■ **Aim of the exercise**: Omit all pictures, then retype exactly the lines from the one that contains "Duurzaam cadeaubord van" through the end of the listing.

■ **Record set**:
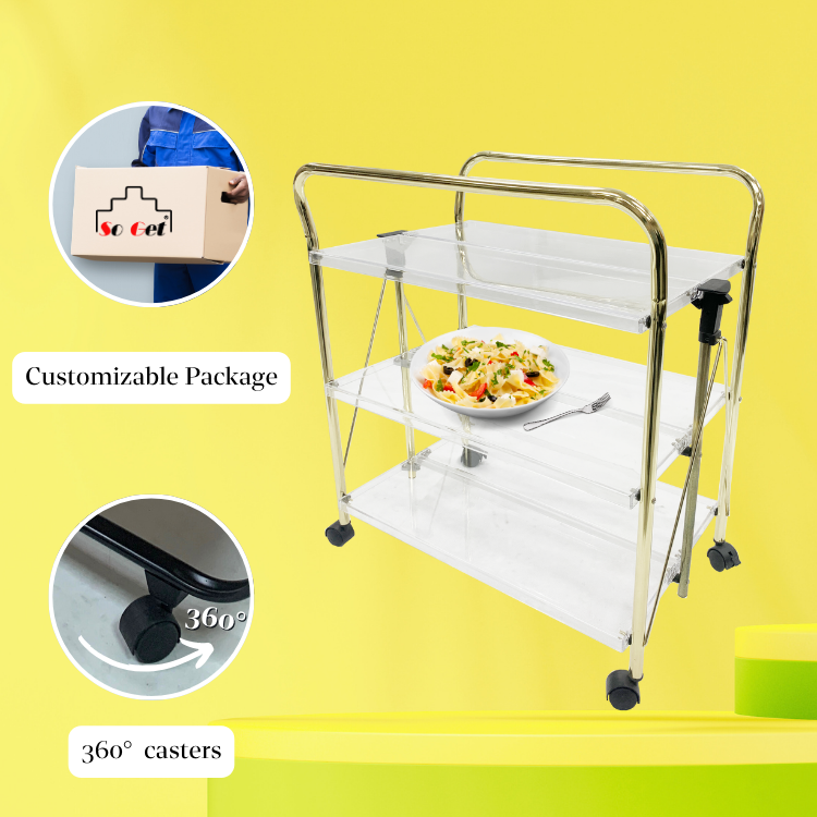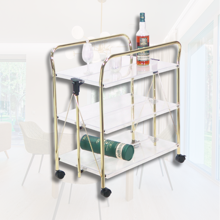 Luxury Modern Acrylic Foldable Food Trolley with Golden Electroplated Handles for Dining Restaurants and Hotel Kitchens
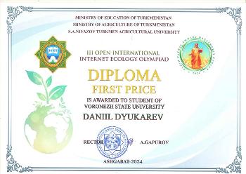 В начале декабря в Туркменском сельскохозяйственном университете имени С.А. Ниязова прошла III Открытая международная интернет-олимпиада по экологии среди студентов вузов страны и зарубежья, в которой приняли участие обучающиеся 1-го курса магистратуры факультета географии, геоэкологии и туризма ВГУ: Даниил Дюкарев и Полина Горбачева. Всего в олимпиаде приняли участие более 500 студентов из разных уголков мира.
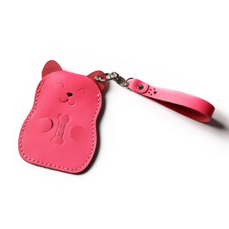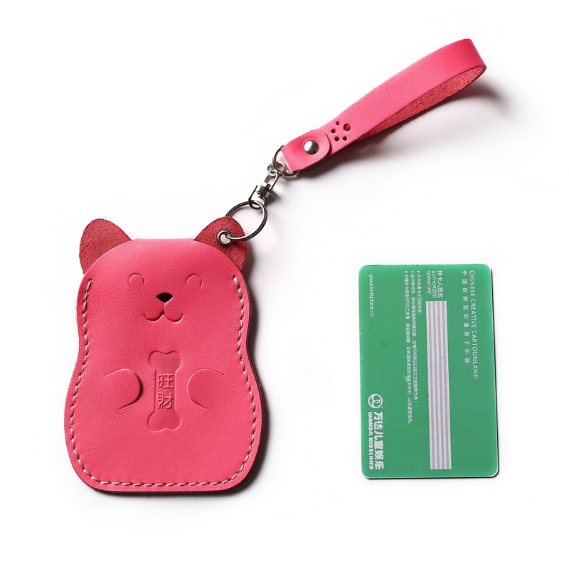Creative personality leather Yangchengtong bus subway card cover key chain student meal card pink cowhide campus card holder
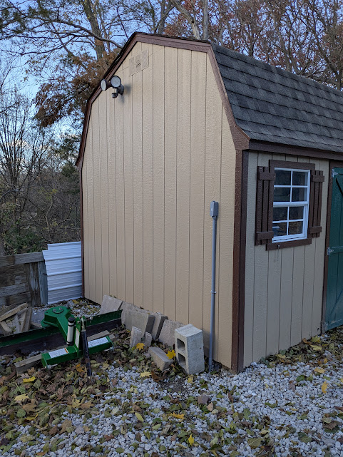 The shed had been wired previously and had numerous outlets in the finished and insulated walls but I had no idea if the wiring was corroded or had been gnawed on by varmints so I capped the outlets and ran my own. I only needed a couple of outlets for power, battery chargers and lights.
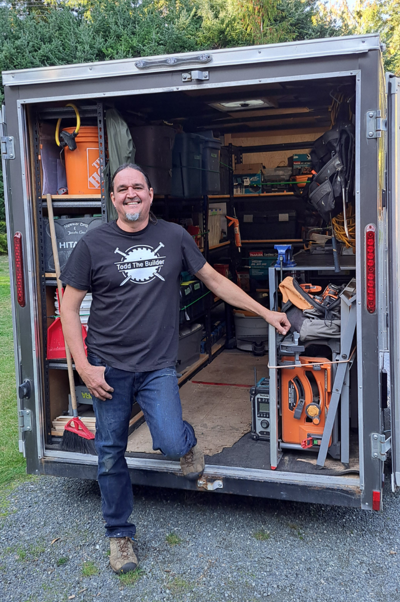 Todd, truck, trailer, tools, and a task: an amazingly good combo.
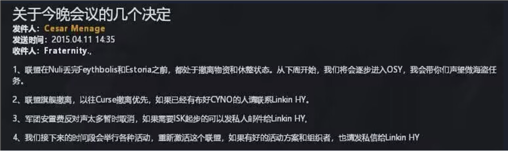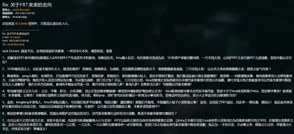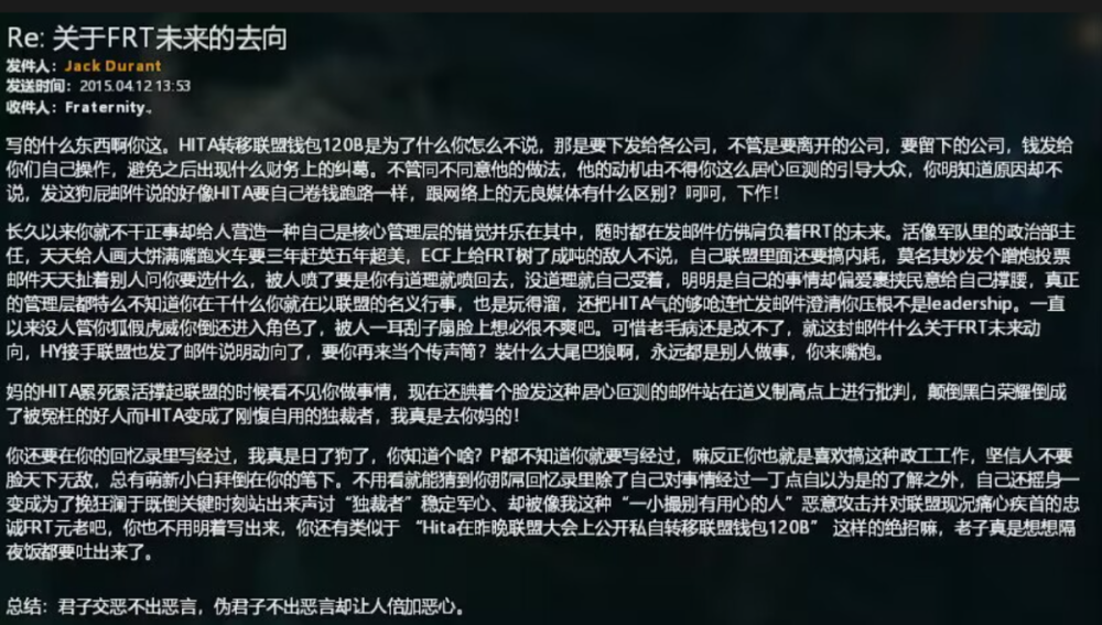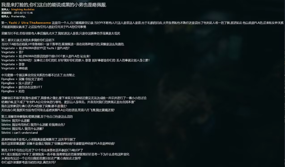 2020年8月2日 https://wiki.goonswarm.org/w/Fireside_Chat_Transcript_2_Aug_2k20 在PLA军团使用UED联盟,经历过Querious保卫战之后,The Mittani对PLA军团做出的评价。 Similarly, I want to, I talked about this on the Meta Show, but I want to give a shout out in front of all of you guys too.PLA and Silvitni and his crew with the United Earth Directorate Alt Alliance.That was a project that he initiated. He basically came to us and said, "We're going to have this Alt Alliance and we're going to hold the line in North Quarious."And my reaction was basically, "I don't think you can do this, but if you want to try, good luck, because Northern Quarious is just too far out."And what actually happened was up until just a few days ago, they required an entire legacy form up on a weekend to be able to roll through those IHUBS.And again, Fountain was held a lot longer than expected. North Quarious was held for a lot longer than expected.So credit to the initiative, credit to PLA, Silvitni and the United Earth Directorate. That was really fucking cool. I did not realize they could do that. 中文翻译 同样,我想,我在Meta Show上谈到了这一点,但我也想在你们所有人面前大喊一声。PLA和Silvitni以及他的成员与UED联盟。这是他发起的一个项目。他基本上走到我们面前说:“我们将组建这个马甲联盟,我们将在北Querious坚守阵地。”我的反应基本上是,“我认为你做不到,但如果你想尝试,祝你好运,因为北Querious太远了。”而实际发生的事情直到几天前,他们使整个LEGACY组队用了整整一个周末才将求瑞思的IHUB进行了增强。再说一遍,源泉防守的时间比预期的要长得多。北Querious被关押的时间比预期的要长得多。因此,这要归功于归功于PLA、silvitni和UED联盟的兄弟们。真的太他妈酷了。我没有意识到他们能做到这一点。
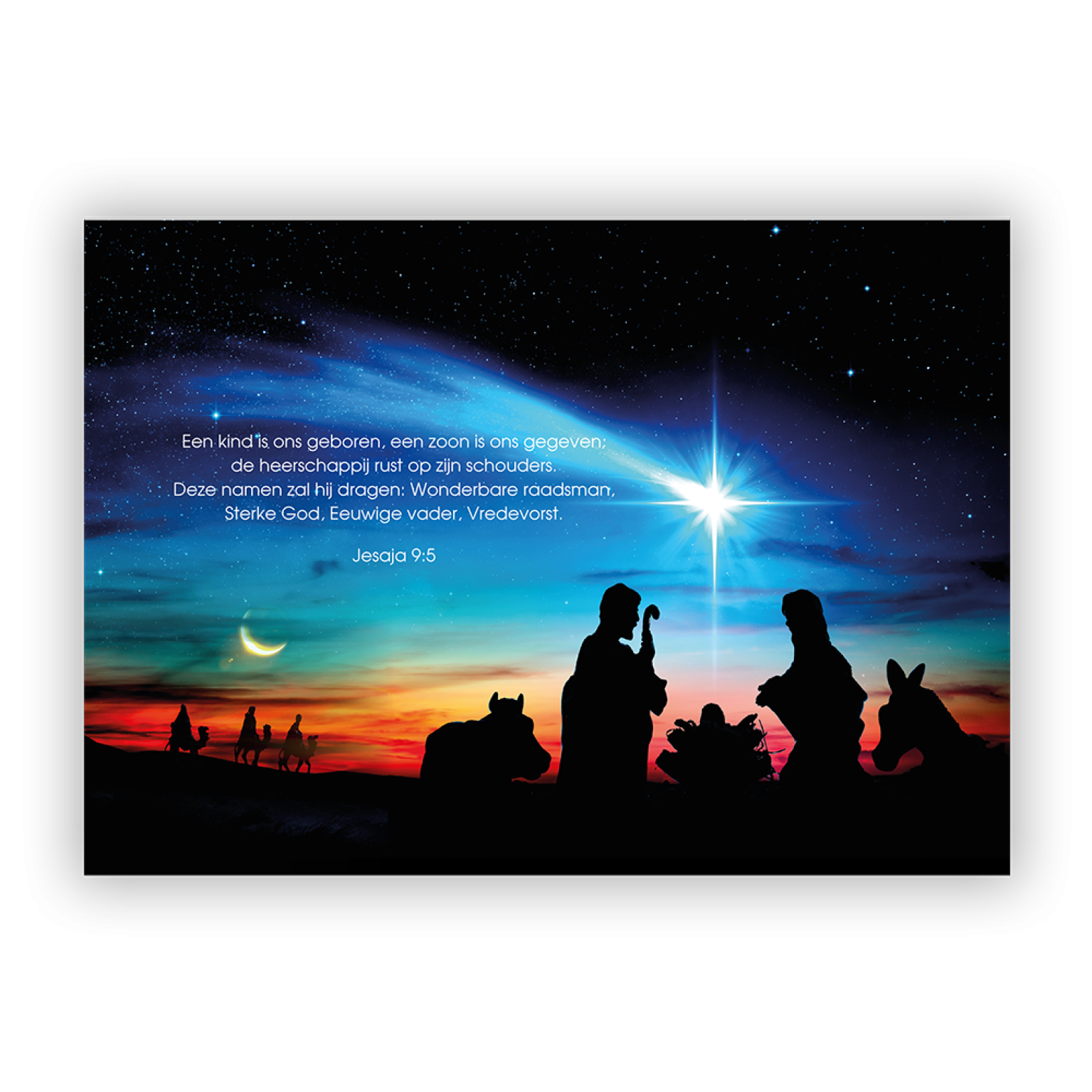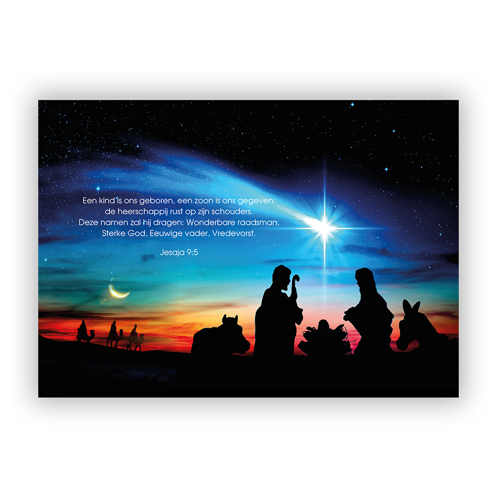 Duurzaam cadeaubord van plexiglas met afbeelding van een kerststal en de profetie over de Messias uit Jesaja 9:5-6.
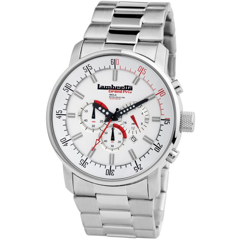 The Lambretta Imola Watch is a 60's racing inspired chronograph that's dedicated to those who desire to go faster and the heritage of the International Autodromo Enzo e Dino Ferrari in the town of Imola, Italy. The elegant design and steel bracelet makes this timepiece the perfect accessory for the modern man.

■ **Response**:
 Duurzaam cadeaubord van plexiglas met afbeelding van een kerststal en de profetie over de Messias uit Jesaja 9:5-6.
 The Lambretta Imola Watch is a 60's racing inspired chronograph that's dedicated to those who desire to go faster and the heritage of the International Autodromo Enzo e Dino Ferrari in the town of Imola, Italy. The elegant design and steel bracelet makes this timepiece the perfect accessory for the modern man.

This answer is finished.